*Exercise objective*.
Verbatim copy, pictures excluded: every line from the one with "フラップを開けると、書類や手" through the final line of the data below, and no other line.

*Data in this exercise*.
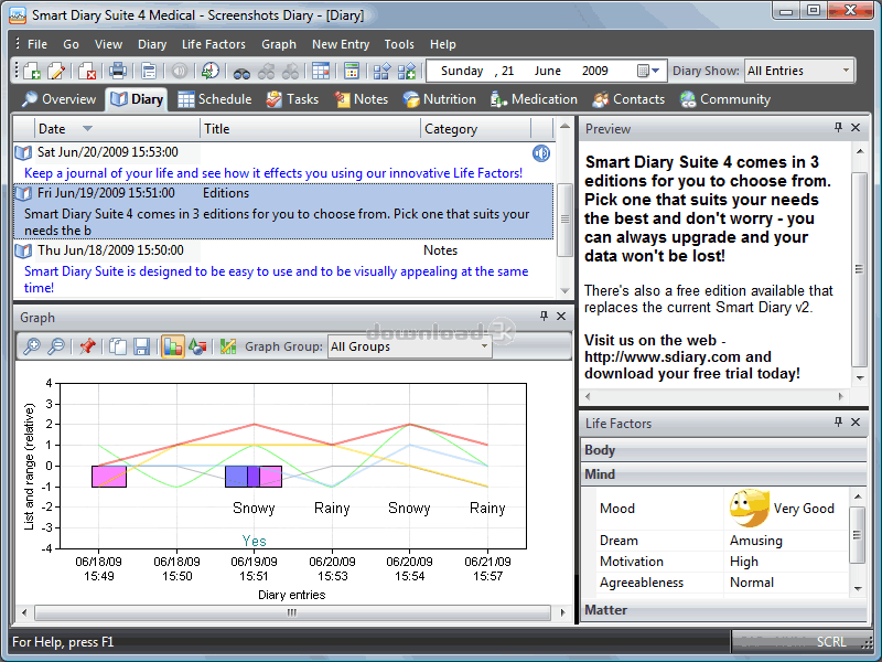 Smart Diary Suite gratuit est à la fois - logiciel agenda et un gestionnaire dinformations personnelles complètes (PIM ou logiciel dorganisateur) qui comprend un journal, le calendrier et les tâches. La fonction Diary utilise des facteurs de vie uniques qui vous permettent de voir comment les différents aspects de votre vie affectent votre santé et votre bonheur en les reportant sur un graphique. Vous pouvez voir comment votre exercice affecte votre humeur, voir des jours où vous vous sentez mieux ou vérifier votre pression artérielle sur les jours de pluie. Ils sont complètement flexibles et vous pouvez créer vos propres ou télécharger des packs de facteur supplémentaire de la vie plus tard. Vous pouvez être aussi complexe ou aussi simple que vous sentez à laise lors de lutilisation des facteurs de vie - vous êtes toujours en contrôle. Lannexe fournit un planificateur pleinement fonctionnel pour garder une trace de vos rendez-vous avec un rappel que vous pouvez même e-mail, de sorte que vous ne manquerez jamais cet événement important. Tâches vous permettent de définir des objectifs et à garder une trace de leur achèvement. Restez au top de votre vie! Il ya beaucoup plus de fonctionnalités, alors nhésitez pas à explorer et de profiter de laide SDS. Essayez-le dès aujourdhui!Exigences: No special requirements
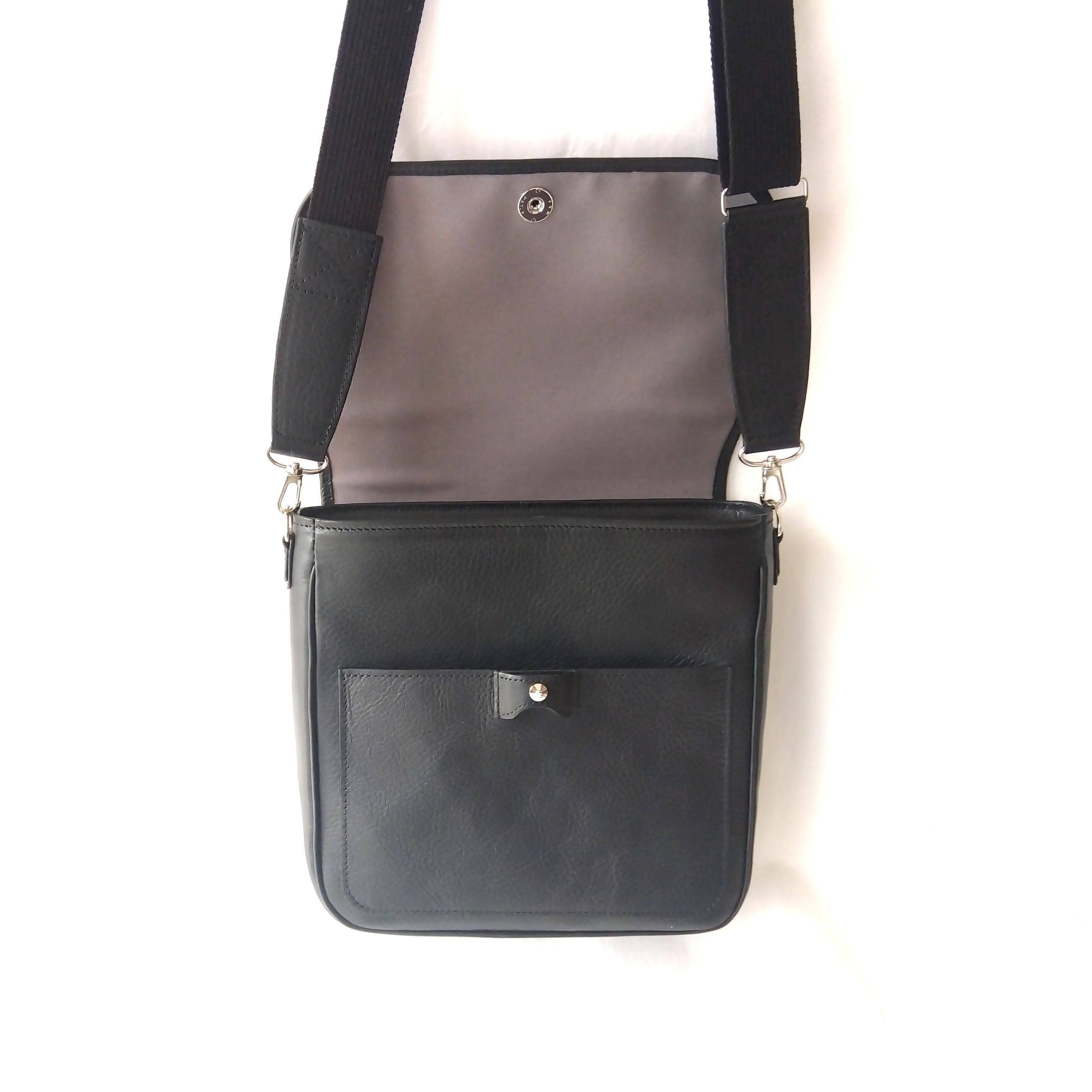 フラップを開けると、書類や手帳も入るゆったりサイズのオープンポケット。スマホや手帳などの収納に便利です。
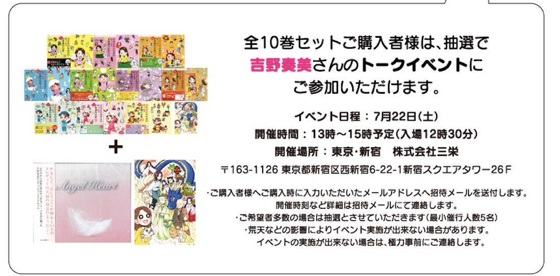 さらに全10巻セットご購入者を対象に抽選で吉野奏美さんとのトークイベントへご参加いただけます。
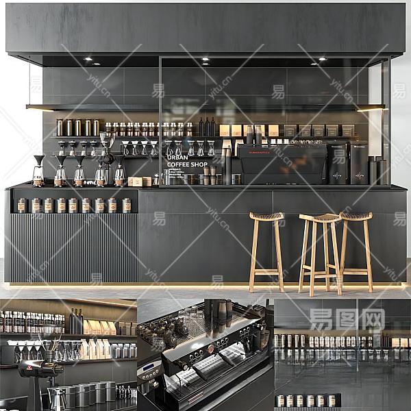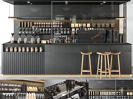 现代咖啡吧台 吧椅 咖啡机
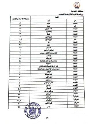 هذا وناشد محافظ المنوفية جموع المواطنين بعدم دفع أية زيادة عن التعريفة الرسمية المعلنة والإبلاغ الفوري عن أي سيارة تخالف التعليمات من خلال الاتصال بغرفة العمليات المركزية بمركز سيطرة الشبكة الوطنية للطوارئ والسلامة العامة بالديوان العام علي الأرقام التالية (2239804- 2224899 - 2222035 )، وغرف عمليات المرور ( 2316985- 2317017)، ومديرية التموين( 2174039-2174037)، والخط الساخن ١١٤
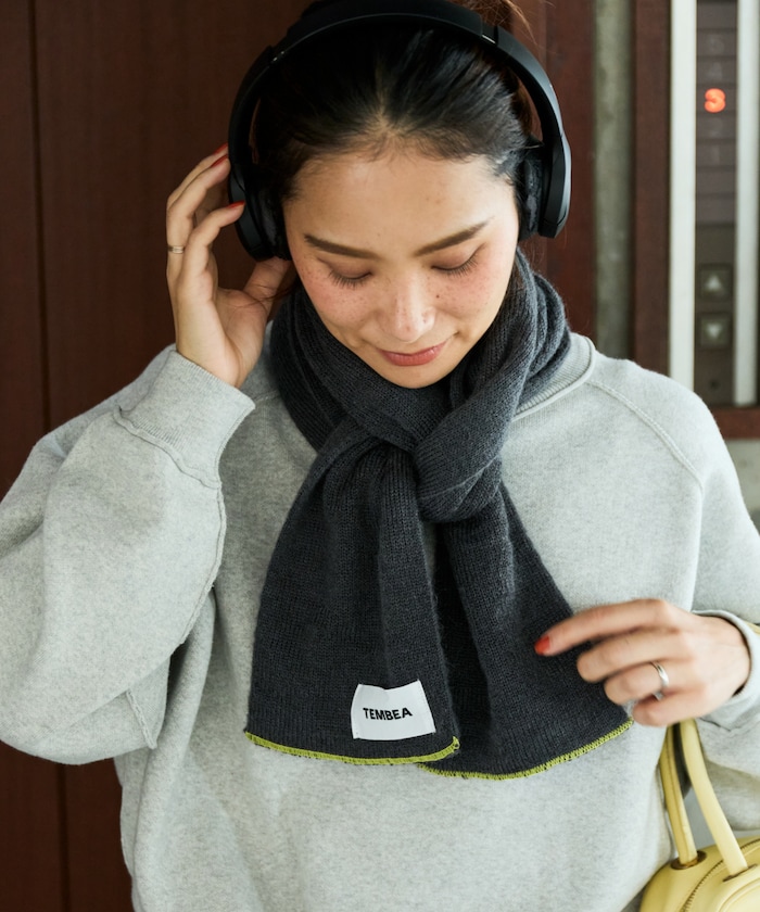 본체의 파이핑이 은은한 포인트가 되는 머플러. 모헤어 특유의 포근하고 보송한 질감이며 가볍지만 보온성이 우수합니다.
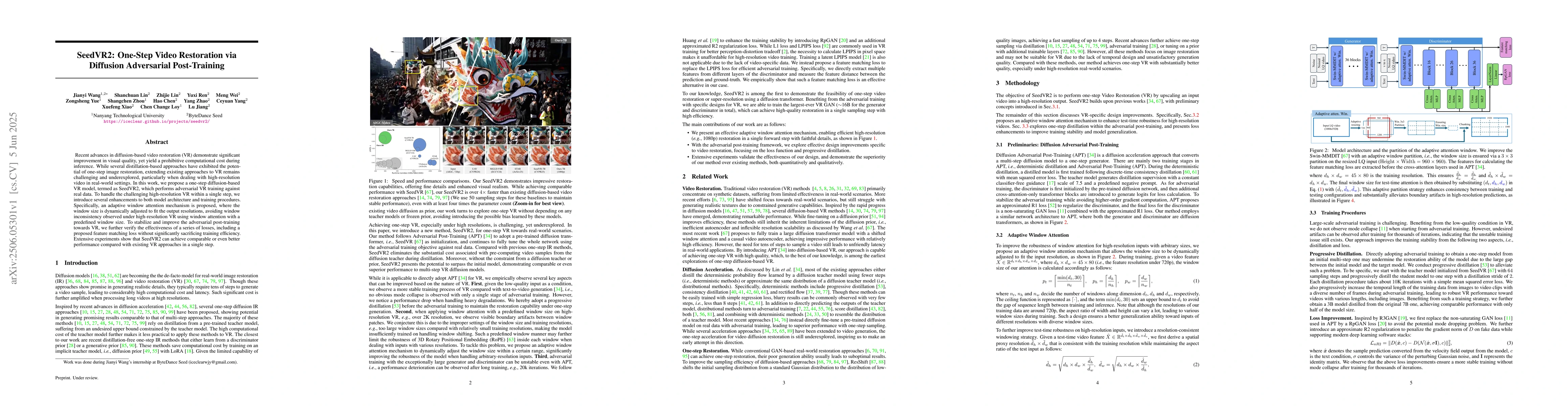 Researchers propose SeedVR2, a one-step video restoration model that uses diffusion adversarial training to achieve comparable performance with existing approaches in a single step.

*Written reply*.
 フラップを開けると、書類や手帳も入るゆったりサイズのオープンポケット。スマホや手帳などの収納に便利です。
 さらに全10巻セットご購入者を対象に抽選で吉野奏美さんとのトークイベントへご参加いただけます。
 现代咖啡吧台 吧椅 咖啡机
 هذا وناشد محافظ المنوفية جموع المواطنين بعدم دفع أية زيادة عن التعريفة الرسمية المعلنة والإبلاغ الفوري عن أي سيارة تخالف التعليمات من خلال الاتصال بغرفة العمليات المركزية بمركز سيطرة الشبكة الوطنية للطوارئ والسلامة العامة بالديوان العام علي الأرقام التالية (2239804- 2224899 - 2222035 )، وغرف عمليات المرور ( 2316985- 2317017)، ومديرية التموين( 2174039-2174037)، والخط الساخن ١١٤
 본체의 파이핑이 은은한 포인트가 되는 머플러. 모헤어 특유의 포근하고 보송한 질감이며 가볍지만 보온성이 우수합니다.
 Researchers propose SeedVR2, a one-step video restoration model that uses diffusion adversarial training to achieve comparable performance with existing approaches in a single step.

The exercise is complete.